Various intermediaries have initiated pilot projects for digitized securities. Traditional brokerage firms are making strides in trading and advising on digitized securities; fund managers are issuing and distributing digitized funds that invest in these securities. At the same time, licensed virtual asset trading platform operators are integrating digital technology into their business practices. The SFC has expressed support for these developments and believes the industry has made encouraging progress in developing scalable and interoperable digital solutions.
Therefore, the SFC deems it timely to provide more guidance on activities related to digitized securities.
This will help intermediaries understand regulatory expectations, ensure regulatory certainty, support ongoing innovation with investor protection as a premise, and introduce appropriate safeguards. The focus of this notification from the SFC is to assist intermediaries in addressing the risks associated with using new digitalization technologies, ensuring the healthy development of the digitized market.

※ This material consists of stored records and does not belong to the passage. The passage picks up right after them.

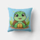 Adorable Cartoon Turtle Smiling Cheerfully Throw Pillow
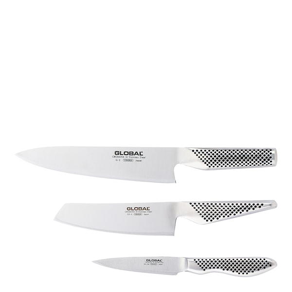 Global G-2538 knivset är ett proffessionellt knivset för kökets alla uppgifter. Det är ett set som kombinerar skärpa, balans och design – för dig som vill laga mat med känsla och kontroll.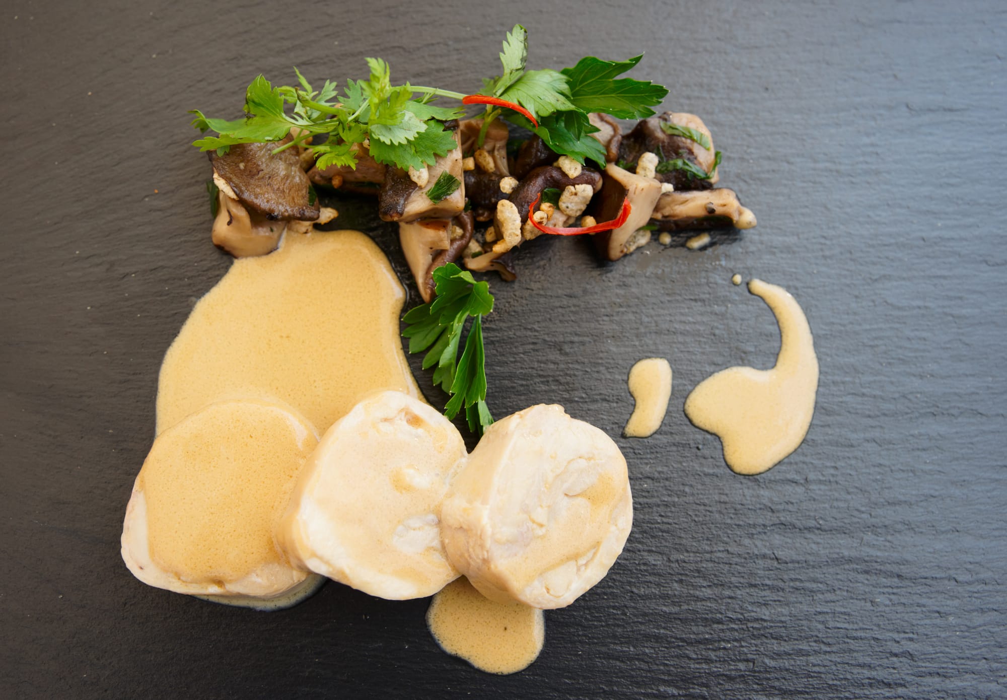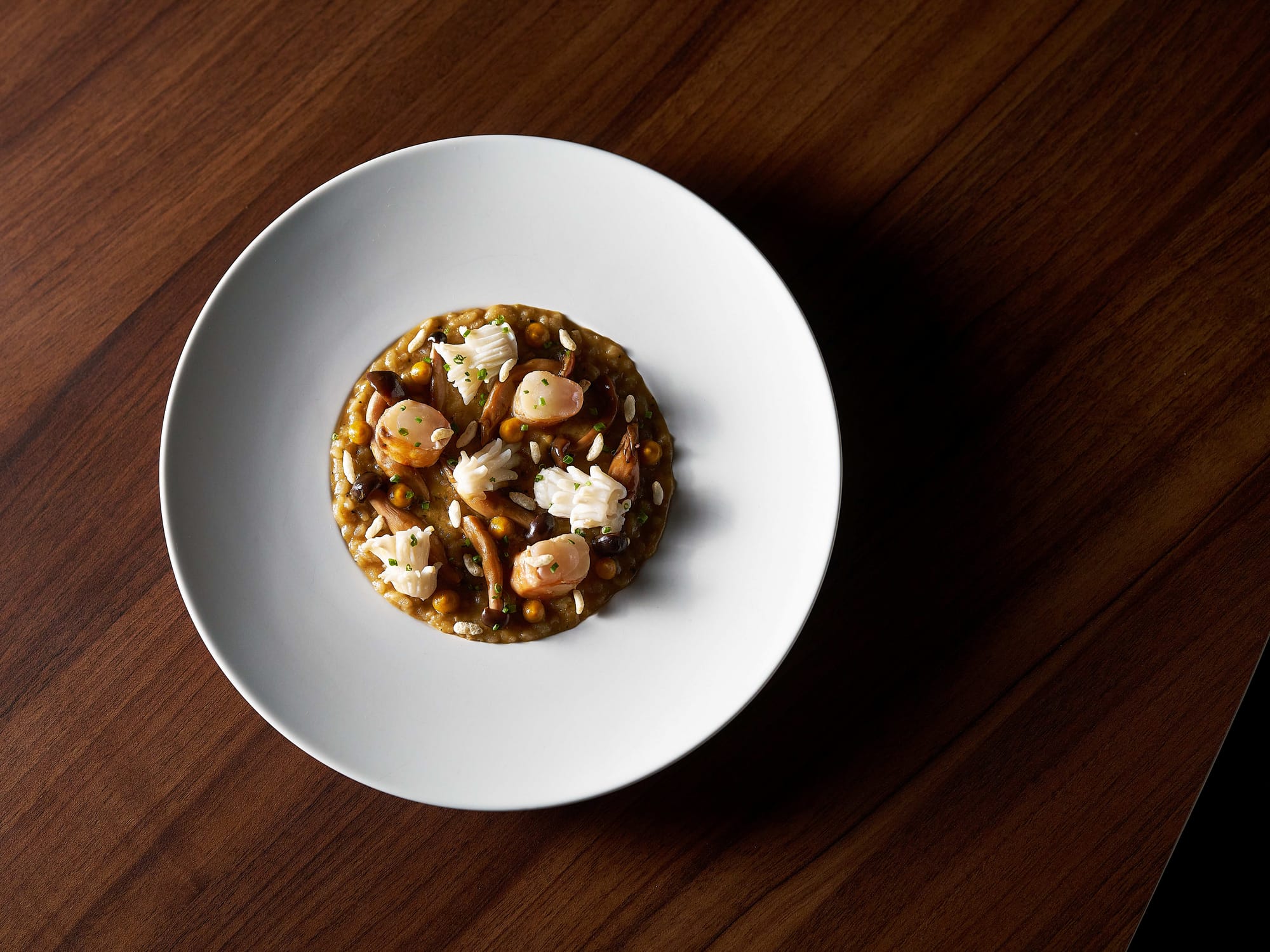 - Seared scallops in a seafood bisque inspired by the Malay Peninsula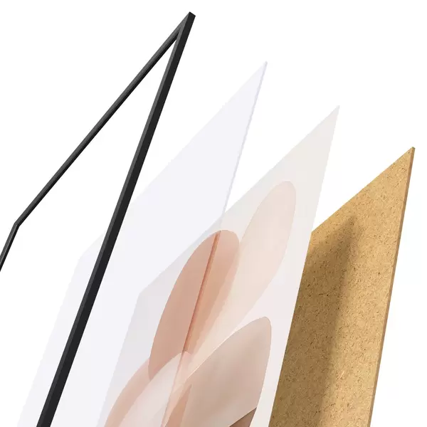 Plagát sa skladá z rámu, plexiskla, vytlačeného obrazu a podkladu z drevotriesky. Plagát možno okamžite zavesiť na stenu vďaka úchytom na zadnej strane.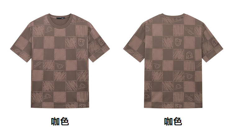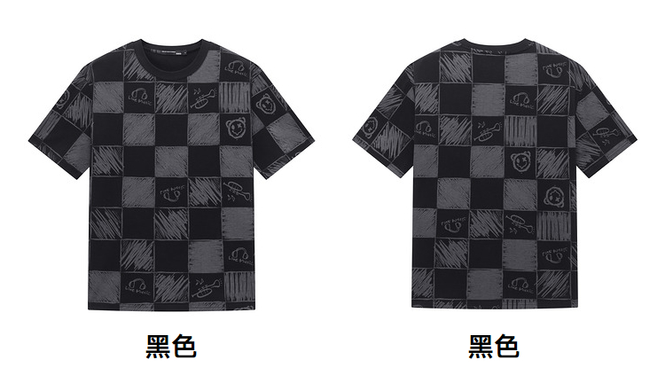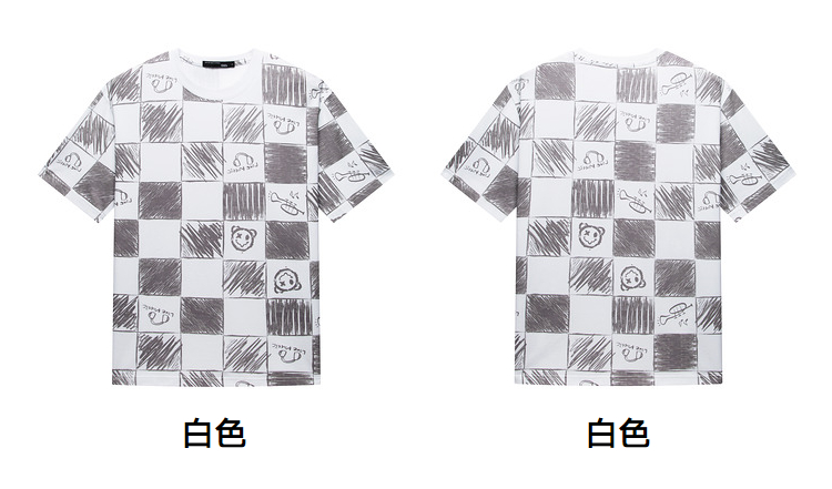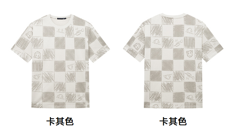 GXG男装 夏热卖纯棉潮搭涂鸦棋盘格创意印花时尚情侣短袖T恤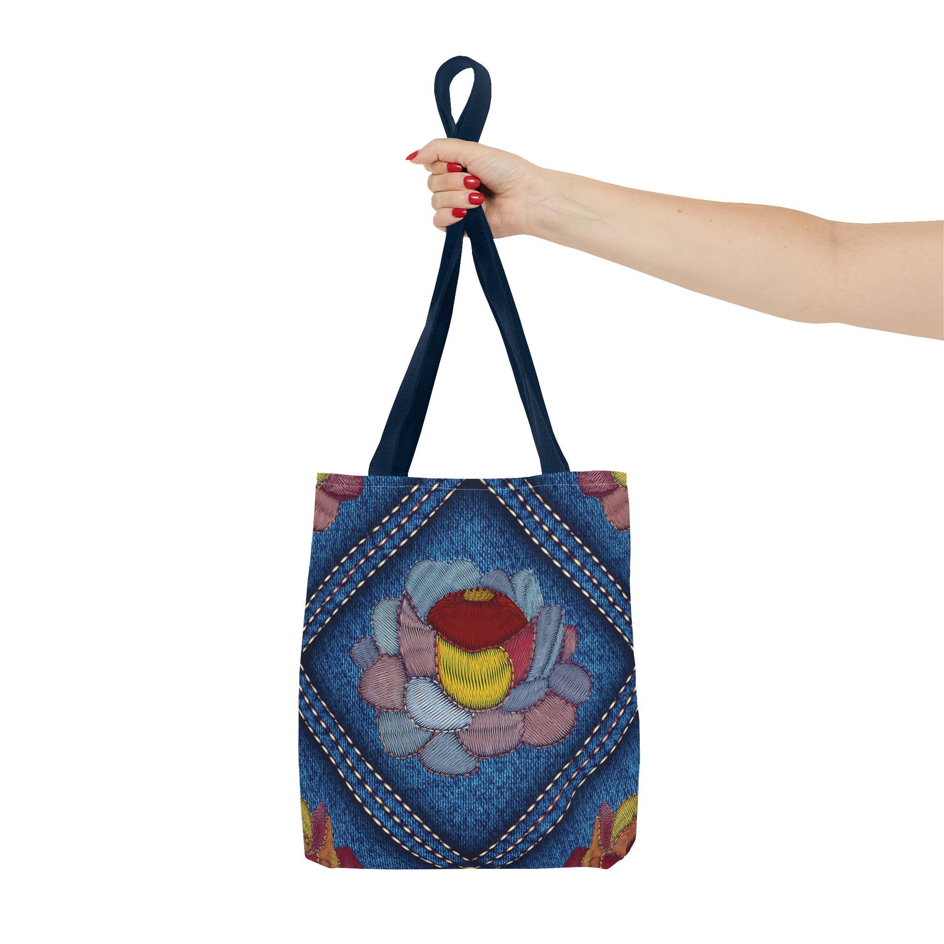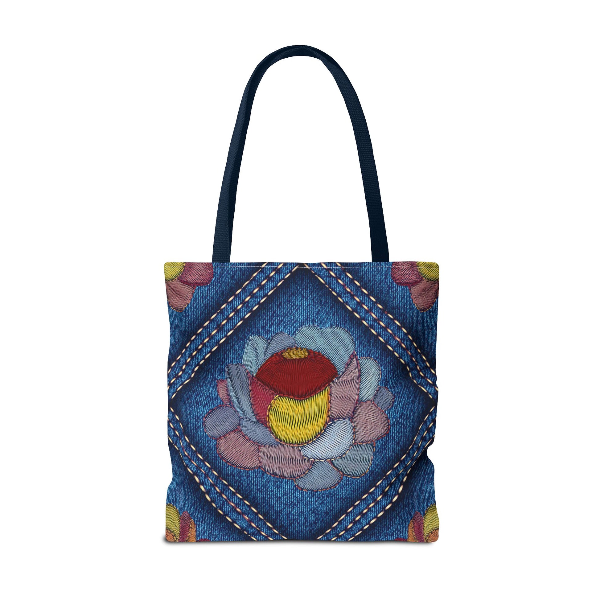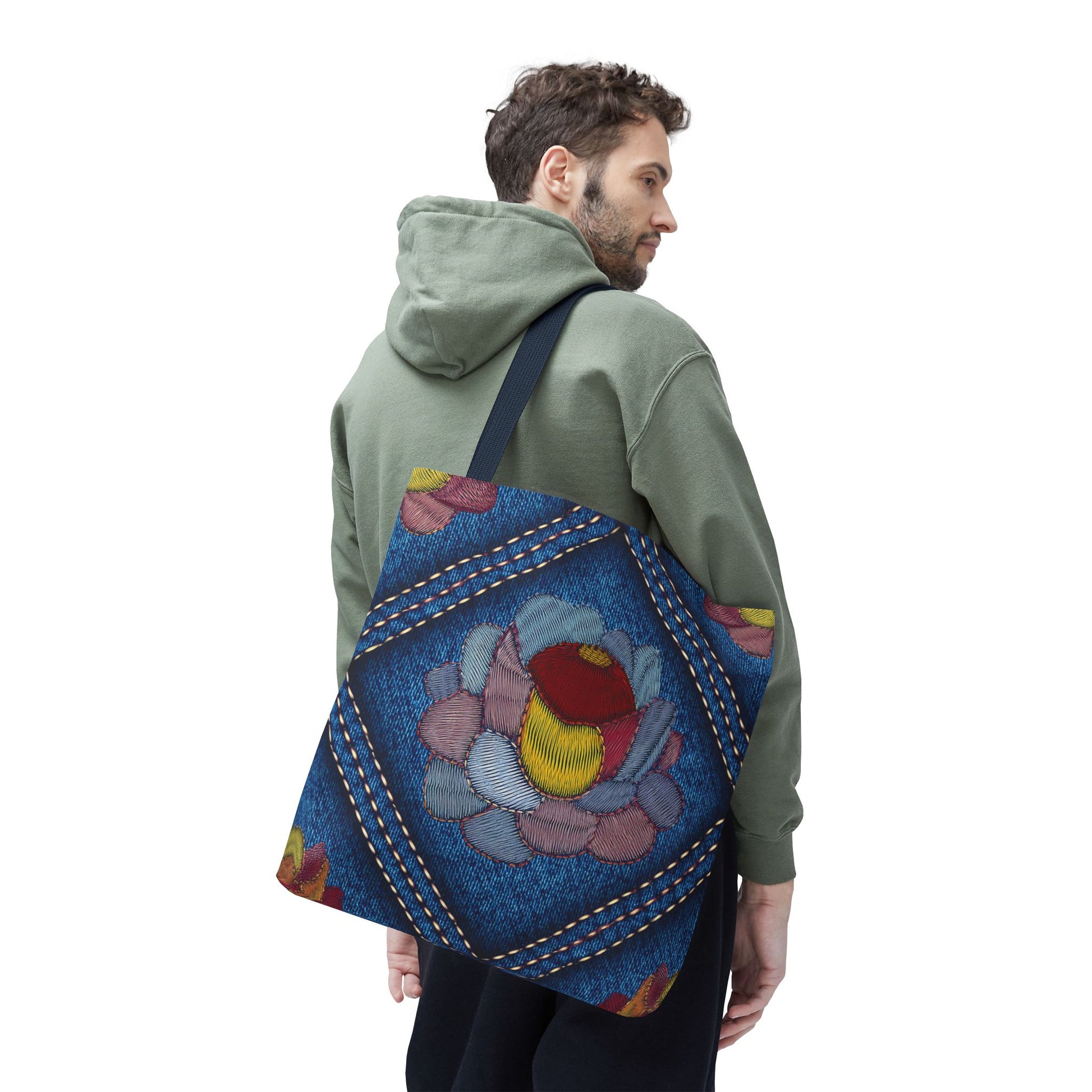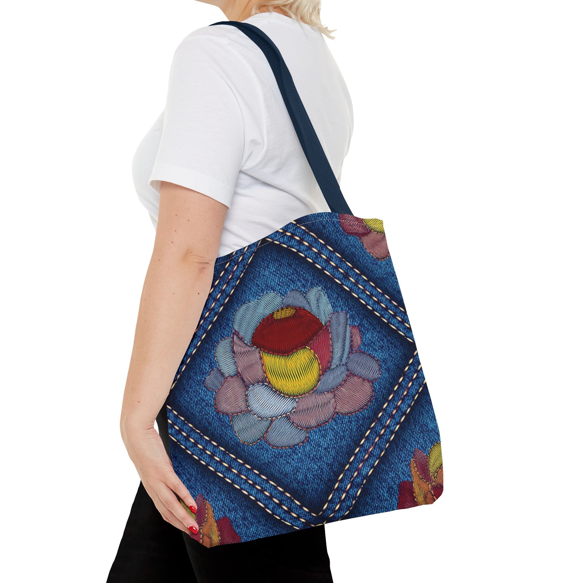 Denim Print Canvas Tote Bag – Elegant Poly Shoulder Bag - Enhance everyday functionality with timeless style in our Denim Print Canvas Tote Bag. Designed for versatility, this custom-printed tote is available in three convenient sizes and offers multiple handle color options to perfectly complement your look. Crafted from premium spun polyester, it delivers exceptional durability with double-stitched seams, sturdy cotton webbing straps, and a non-woven laminate interior.

For investment products authorized by the SFC, relevant digitalization notices should be reviewed in conjunction with this announcement.
Definition of Tokenized Securities in Hong Kong
The SFC believes that there is currently no universally applicable definition or classification that can be used to distinguish Tokenized Securities, and there may be various structures in the market.
For the purposes of this announcement, Tokenized Securities refer to traditional financial instruments such as bonds or funds that circulate using DLT, such as blockchain technology or similar technology, and meet the definition of "securities" as defined in the Securities and Futures Ordinance.
There are also digital securities that do not fall under Tokenized Securities, which may be considered Collective Investment Schemes (CIS), such as fractional interests in real-world assets or digital artworks or digital land, which are different from traditional funds.
Intermediaries Can Offer Products to Retail Investors
The SFC believes that, with intermediaries complying with regulations, as Tokenized Securities are essentially packaged traditional securities, the SFC does not see the need to impose mandatory restrictions solely targeting professional investors.
The SFC emphasizes that Tokenized Securities are distinct from security tokens.